Detailed Example 3: User Delegation SAS for Maximum Security

A healthcare application stores patient medical records in blob storage and needs to provide secure, temporary access to doctors. Here's the most secure approach using User Delegation SAS: (1) The application uses Azure AD authentication (not account keys). (2) When Dr. Smith logs in with her Azure AD credentials, the application requests a user delegation key from Azure Storage. (3) The application creates a User Delegation SAS signed with this key (not the account key) that grants Dr. Smith read access to her patients' records for 8 hours. (4) Dr. Smith uses the SAS to access patient records throughout her shift. (5) The key advantage: even if the SAS token is compromised, the attacker doesn't have the storage account key. (6) The user delegation key automatically expires after 7 days maximum (usually set much shorter). (7) If Dr.
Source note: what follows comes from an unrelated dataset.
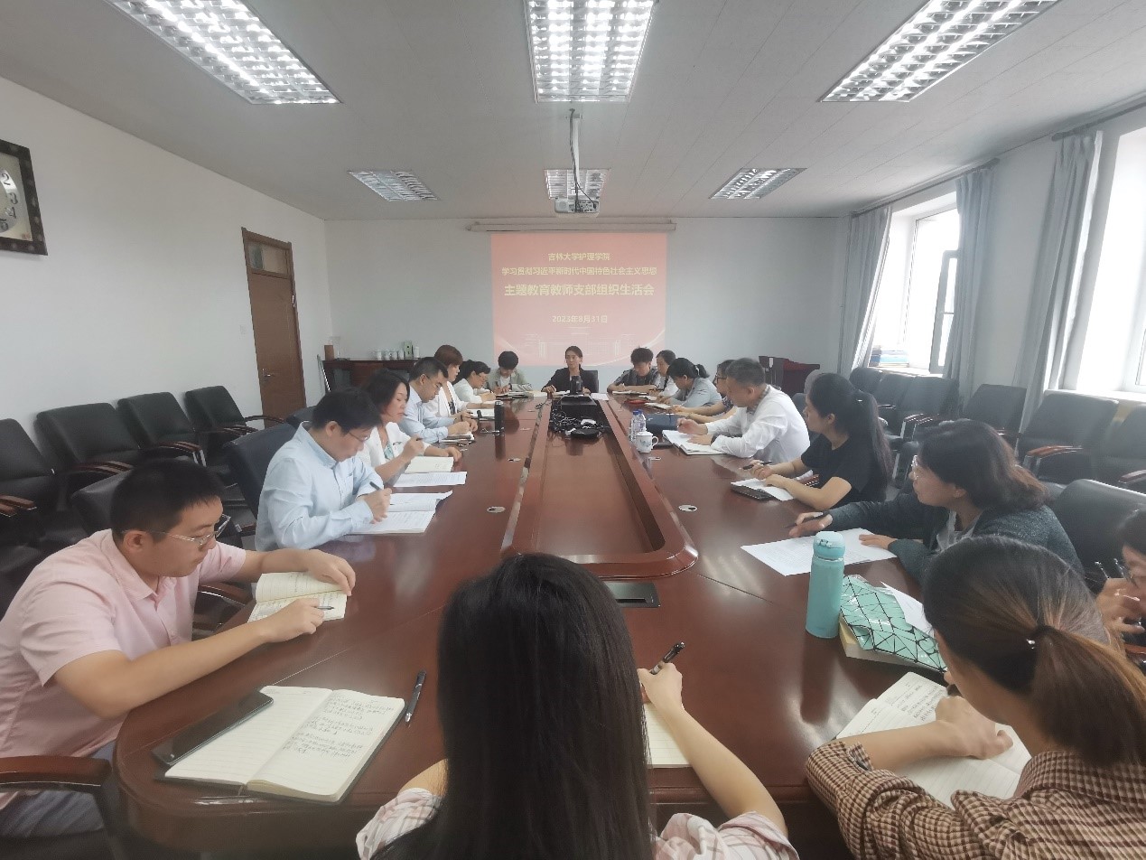 8月31日上午,jinnianhui今年会教师党支部在办公楼三楼会议室召开学习贯彻习近平新时代中国特色社会主义思想主题教育专题组织生活会,学校主题教育第十二巡回指导组副组长籍海春同志到会指导。学院教师党支部全体同志参加了会议。会议由党支部书记张雪妍同志主持。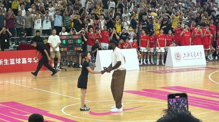 据“东方体育日报”抖音号、“詹姆斯吧官方微博”、小红书用户“篮球摄手虎”等媒体的报道,詹姆斯到场后向现场球迷招手问好,并帮助场上交大学生的比分完成跳球。

Smith's Azure AD account is disabled or her permissions are revoked, new SAS tokens can't be generated. (8) This provides defense-in-depth: Azure AD controls who can generate SAS tokens, and the SAS tokens themselves are time-limited and permission-specific. (9) For compliance requirements (HIPAA, GDPR), this approach provides better audit trails since access is tied to Azure AD identities, not anonymous account keys.

⭐ Must Know (Critical Facts):

Three SAS types: User Delegation (most secure, Azure AD), Service (container/blob level), Account (account-wide)
User Delegation SAS: Signed with Azure AD credentials, maximum 7-day expiry, most secure option
Service SAS: Signed with account key, can use stored access policy for revocation
Account SAS: Signed with account key, provides access across multiple services, no stored access policy support
Stored Access Policy: Allows modifying/revoking SAS without regenerating account key, max 5 policies per container
SAS permissions: Read (r), Write (w), Delete (d), List (l), Add (a), Create (c), Update (u), Process (p)
SAS expiry: Always set expiry time, short duration recommended (hours/days, not months)
Revocation: Ad hoc SAS can only be revoked by regenerating account key; stored access policy SAS can be revoked by modifying/deleting policy
IP restrictions: Can limit SAS to specific IP addresses or ranges
Protocol restrictions: Can require HTTPS only for SAS requests

When to use (Comprehensive):

✅ Use User Delegation SAS when: Maximum security required, Azure AD authentication available, compliance requirements demand identity-based access
✅ Use Service SAS with stored access policy when: Need ability to revoke access without regenerating keys, multiple clients share same access pattern, long-term access needed
✅ Use Service SAS (ad hoc) when: One-time access needed, very short duration (minutes/hours), stored access policy overhead not justified
✅ Use Account SAS when: Need access across multiple services (blobs + files + queues), service-level SAS too restrictive
✅ Use stored access policies when: Need to revoke access without key regeneration, multiple SAS tokens share same constraints, need to modify expiry/permissions after SAS creation
❌ Don't use SAS when: Internal applications can use Azure AD authentication directly, managed identities available, permanent access needed (use RBAC instead)
❌ Don't use Account SAS when: Service SAS provides sufficient access (principle of least privilege)
❌ Don't use long expiry times when: Shorter durations are feasible (reduces risk if SAS is compromised)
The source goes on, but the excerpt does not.